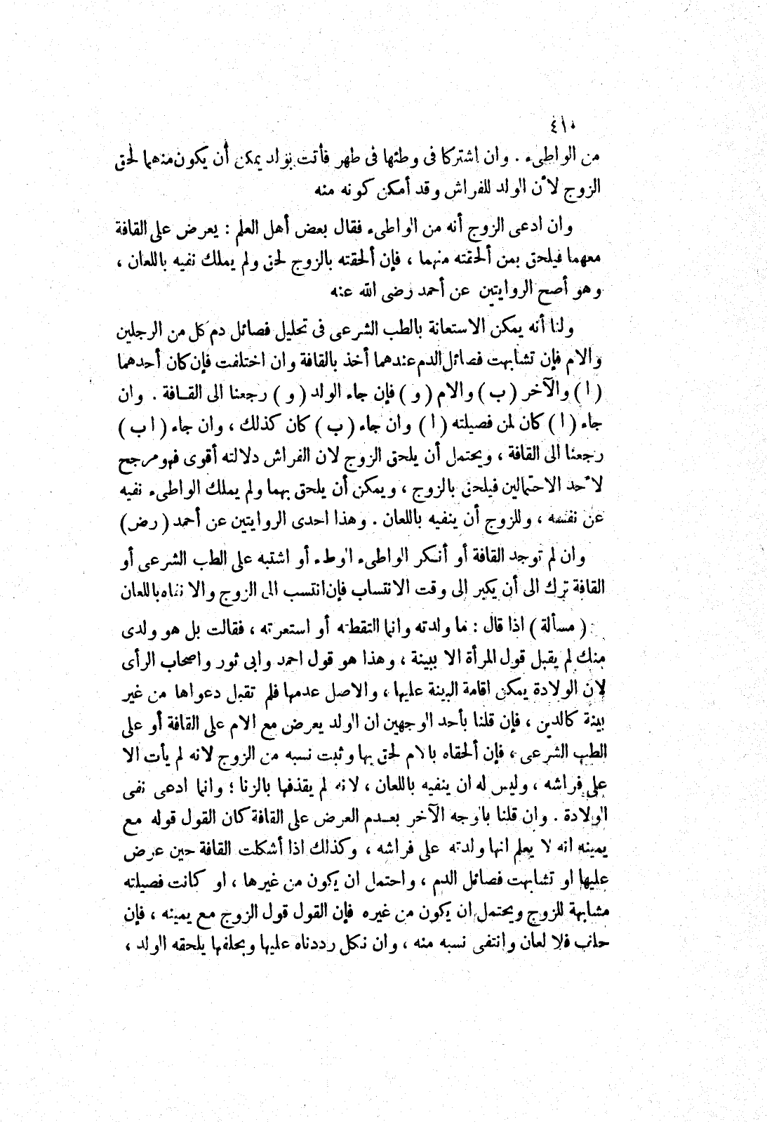 وهذا احدى الروايتين عن أحمد (رض) وان لم توجد القافة أو أنكر الواطئ الوطئ أو اشتبه على الطب الشرعي أو
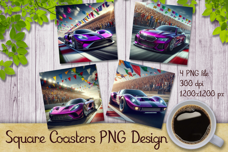 Illustration Square Race Racing Auto Car Digital Design Coasters Coaster Digital Illustration
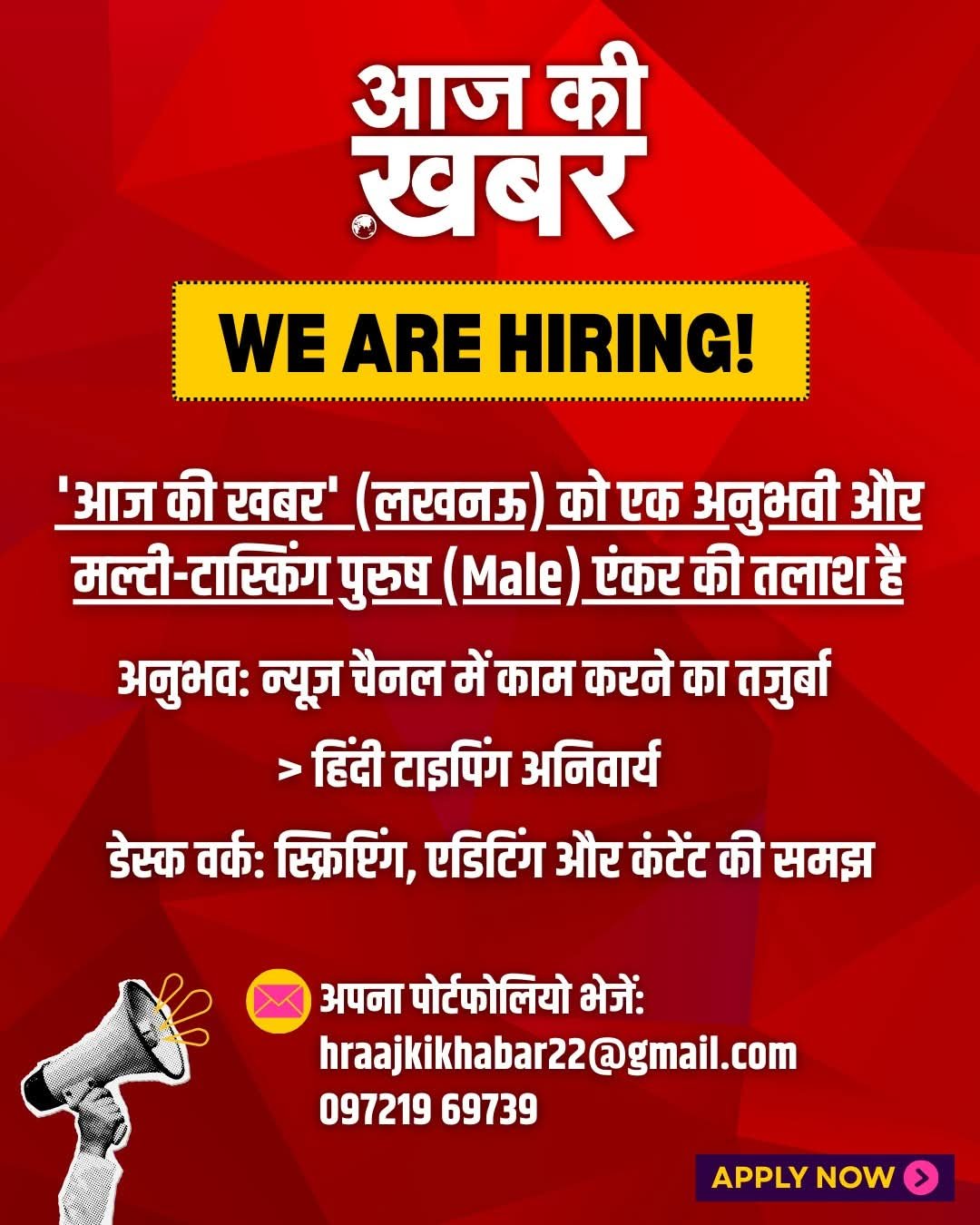 ‘आज की खबर’ (लखनऊ) को तलाश है एक ऐसे पुरुष एंकर (Male Anchor) की, जिसके पास खबरों की गहरी समझ और स्टूडियो का तजुर्बा हो। हम सिर्फ एक चेहरा नहीं, बल्कि एक ‘ऑल-राउंडर’ न्यूज़मैन ढूंढ रहे हैं।
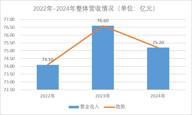 深信服 2022年整体营业收入74.10亿,2023年整体营业收入76.60亿,2024年整体营业收入75.20亿。

[PROBLEM DESCRIPTION] Would you copy, word for word, only the lines above from the one containing "Illustration Square Race" through the one containing "ढूंढ रहे हैं।", both included, and please leave out the pictures?

[RESULT OF THIS EXERCISE]
 Illustration Square Race Racing Auto Car Digital Design Coasters Coaster Digital Illustration
 ‘आज की खबर’ (लखनऊ) को तलाश है एक ऐसे पुरुष एंकर (Male Anchor) की, जिसके पास खबरों की गहरी समझ और स्टूडियो का तजुर्बा हो। हम सिर्फ एक चेहरा नहीं, बल्कि एक ‘ऑल-राउंडर’ न्यूज़मैन ढूंढ रहे हैं।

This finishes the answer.